It’s common for particular evaluative standards to be dominant within a particular society, but the culturally dominant standards will be the standards of the dominant people and groups. Anybody who made a methodological rule of evaluating actions by the standards which are or were culturally dominant in the society under consideration would be tacitly (and likely unconsciously) choosing to side with the powerful against the powerless.
Peter T 01.10.22 at 3:52 am
“Should not and cannot. Analysis and judgement aren’t the same, but they can’t be separated”

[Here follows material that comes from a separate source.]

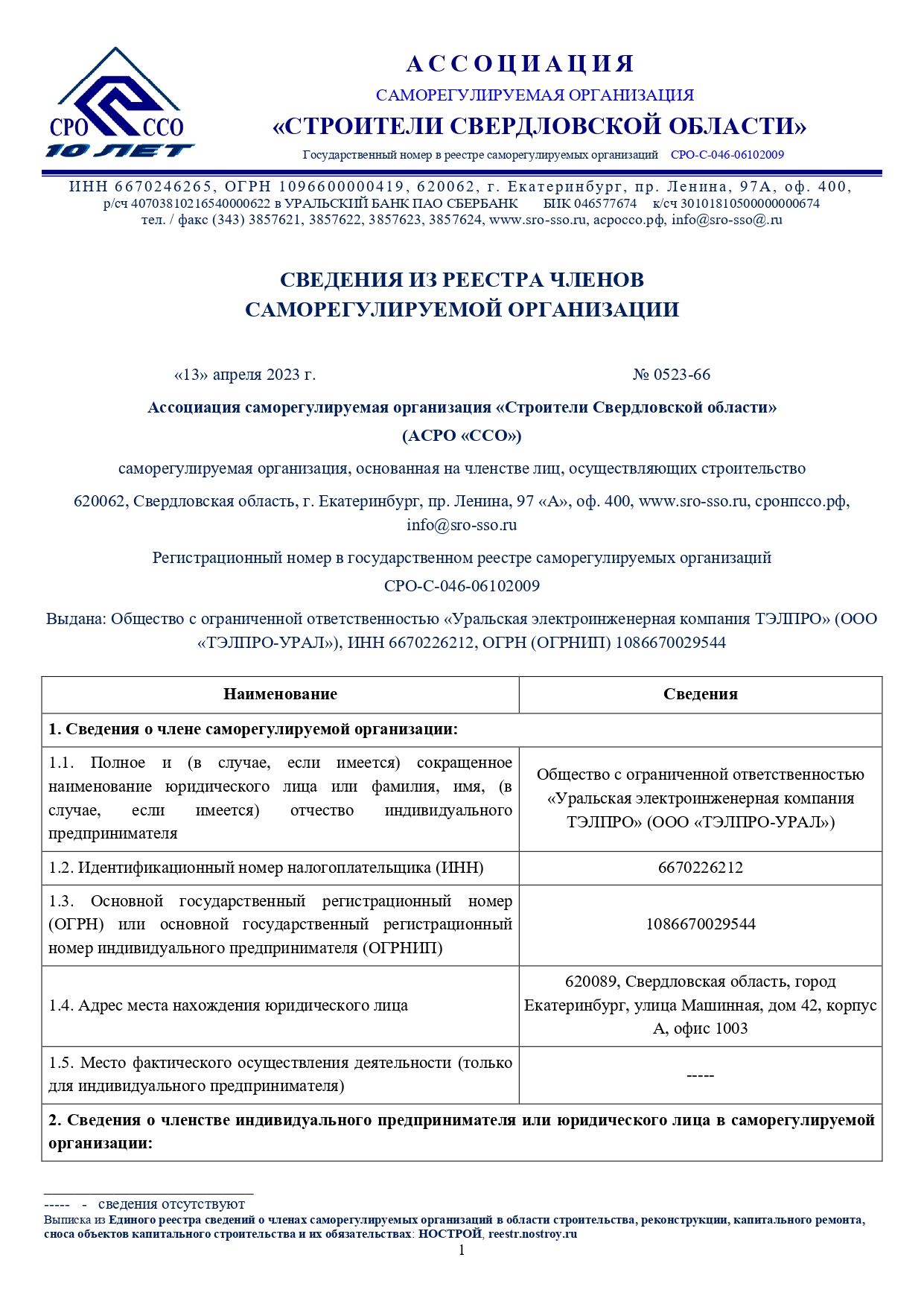 13 апреля компания ООО «ТЭЛПРО-УРАЛ» вышла на новый уровень ответственности по строительству, реконструкции и капитальному ремонту объектов электросетевого хозяйства.Теперь стоимость по договору с ООО "ТЕЛПРО -УРАЛ" может быть до 500 млн. р., новый статус и второй уровень финансовой ответственности подтверждается выпиской из реестра членов СРО "Строители Свердловской области".

I’ll try again. If I am to understand and enjoy Shakespeare or Homer or Froissart I have to have a degree of sympathetic understanding of people many of whose values and suppositions I do not share, and would roundly condemn if displayed in modern times. That does not mean I think these values and suppositions were right (or universal) back then, but too great an emphasis on that judgement does not aid in my understanding and enjoyment. So some separation is essential – a putting aside of judgement.
Present concerns and perspectives shape our approach to history (consider the shift in the last few decades from history as the doings of the great to ‘subaltern history’ – the perspective on events of those below – the colonised, women, the lower classes). This gives a more rounded picture and usefully reminds us to check our assumptions on current policies – what looks benevolent to us might look quite different to those most affected. But the values of subaltern groups were often as unpalatable as those of the high-us. Again, sympathy is called for if we are to understand them.
John Quiggin 01.10.22 at 7:11 am
Peter T @9 “Too great” is doing a lot of work here. No one, present or past, is perfect, and everyone, present and past, is shaped to a fair degree by their environment. I said as much in the OP. And the further someone’s environment is from my own, the bigger the differences in beliefs or attitudes are likely to be. But that doesn’t imply total relativism. Even less does it imply a position where present-day actions are subject to moral critique while the past (however defined) is exempt. We approach others, past and present, with an interpretative framework that inevitably embodies our own values. Trying to wish this away in the name of a doctrine of objectivity produces disasters like “view from nowhere” political journalism and “positive economics”.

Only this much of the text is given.